### Input for this task

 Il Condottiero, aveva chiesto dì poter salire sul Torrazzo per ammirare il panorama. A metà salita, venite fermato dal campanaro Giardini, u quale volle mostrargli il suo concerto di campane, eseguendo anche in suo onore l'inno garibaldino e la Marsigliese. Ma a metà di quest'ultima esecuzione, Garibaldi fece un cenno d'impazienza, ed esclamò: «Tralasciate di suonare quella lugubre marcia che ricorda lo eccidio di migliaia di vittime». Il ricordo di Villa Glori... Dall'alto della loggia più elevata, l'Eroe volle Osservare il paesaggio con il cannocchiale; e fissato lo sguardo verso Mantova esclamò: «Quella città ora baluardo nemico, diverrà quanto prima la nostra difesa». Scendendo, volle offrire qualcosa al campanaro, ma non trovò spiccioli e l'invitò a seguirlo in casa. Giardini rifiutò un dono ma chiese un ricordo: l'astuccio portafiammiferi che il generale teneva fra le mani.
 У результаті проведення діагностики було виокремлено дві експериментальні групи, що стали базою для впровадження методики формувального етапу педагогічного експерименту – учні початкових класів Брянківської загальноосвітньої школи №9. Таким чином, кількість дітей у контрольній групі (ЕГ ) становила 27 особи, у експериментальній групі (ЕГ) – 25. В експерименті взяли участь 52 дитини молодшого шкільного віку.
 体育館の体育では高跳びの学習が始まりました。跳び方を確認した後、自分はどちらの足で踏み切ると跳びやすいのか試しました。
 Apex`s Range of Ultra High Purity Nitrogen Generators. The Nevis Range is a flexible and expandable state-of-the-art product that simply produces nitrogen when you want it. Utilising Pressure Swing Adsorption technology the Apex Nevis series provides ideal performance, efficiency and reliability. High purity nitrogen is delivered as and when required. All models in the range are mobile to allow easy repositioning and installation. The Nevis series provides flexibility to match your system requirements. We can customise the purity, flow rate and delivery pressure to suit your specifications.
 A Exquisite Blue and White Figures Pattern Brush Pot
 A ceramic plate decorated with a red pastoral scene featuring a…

######
### Input for this task

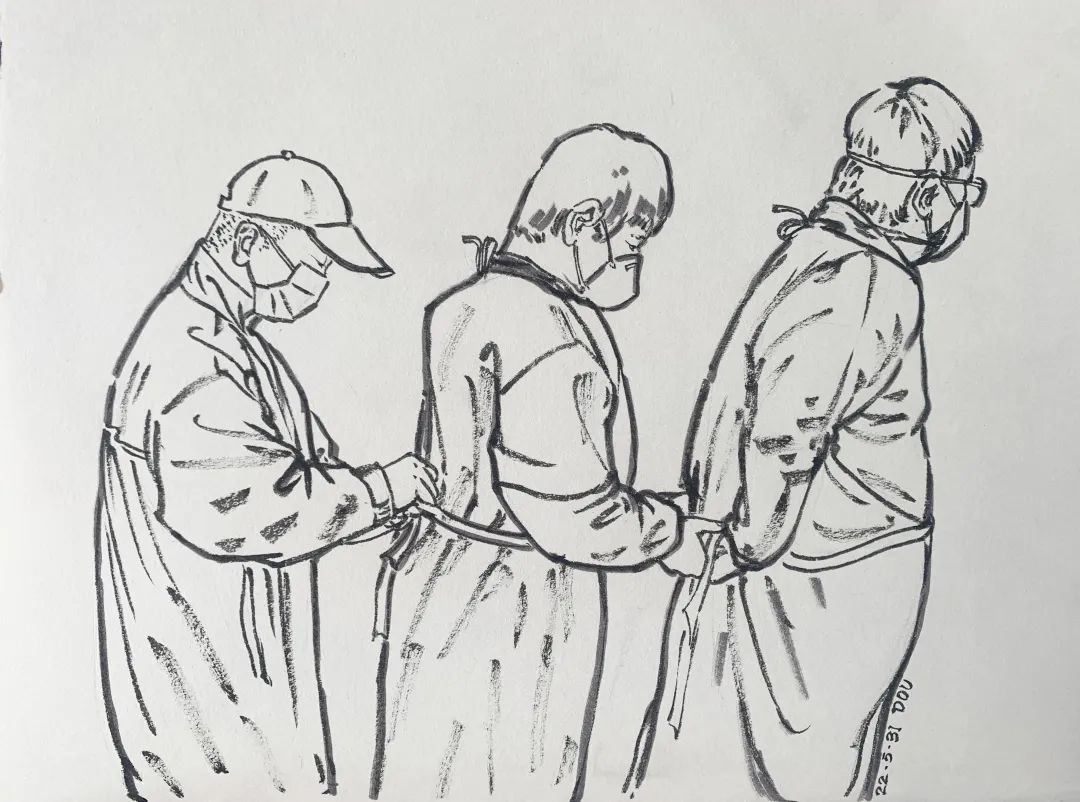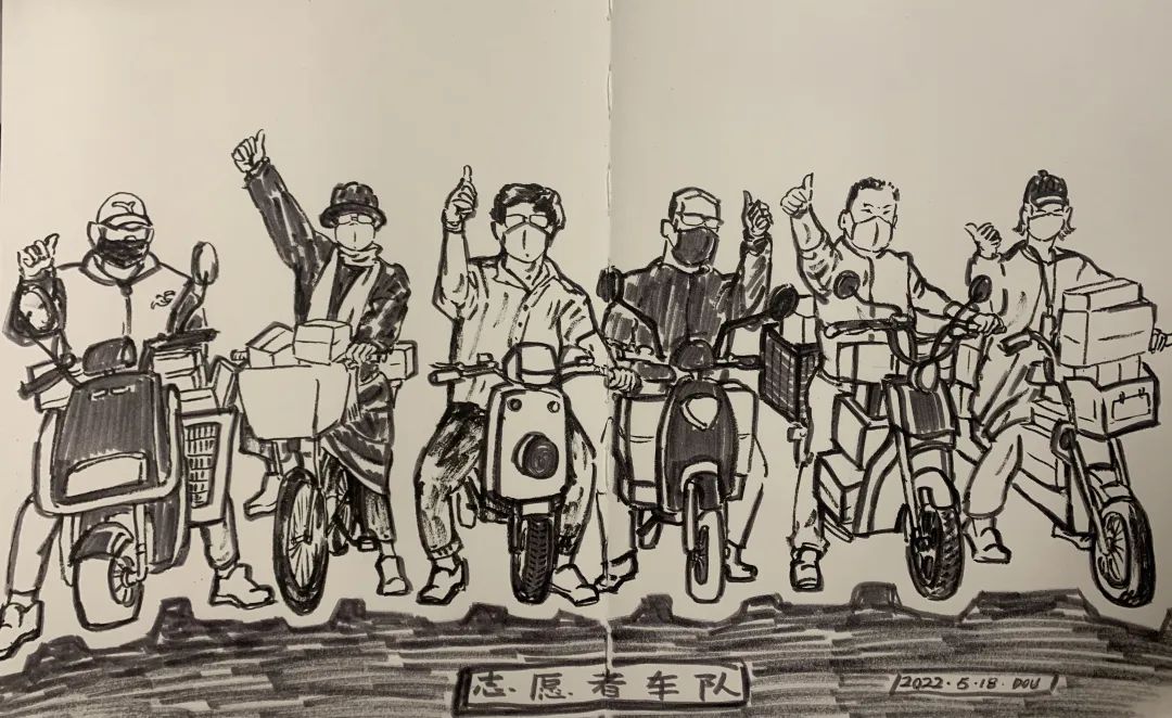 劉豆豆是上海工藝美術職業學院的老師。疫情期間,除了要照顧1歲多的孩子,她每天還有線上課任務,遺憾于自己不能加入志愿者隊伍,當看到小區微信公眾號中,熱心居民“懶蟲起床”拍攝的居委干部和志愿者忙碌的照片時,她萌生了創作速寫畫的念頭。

######

> Exercise brief: What are the lines, exactly as written above, from the line with "体育館の体育では高跳びの学習" to the line with "A ceramic plate", both included? Output only those.

> Task result:
 体育館の体育では高跳びの学習が始まりました。跳び方を確認した後、自分はどちらの足で踏み切ると跳びやすいのか試しました。
 Apex`s Range of Ultra High Purity Nitrogen Generators. The Nevis Range is a flexible and expandable state-of-the-art product that simply produces nitrogen when you want it. Utilising Pressure Swing Adsorption technology the Apex Nevis series provides ideal performance, efficiency and reliability. High purity nitrogen is delivered as and when required. All models in the range are mobile to allow easy repositioning and installation. The Nevis series provides flexibility to match your system requirements. We can customise the purity, flow rate and delivery pressure to suit your specifications.
 A Exquisite Blue and White Figures Pattern Brush Pot
 A ceramic plate decorated with a red pastoral scene featuring a…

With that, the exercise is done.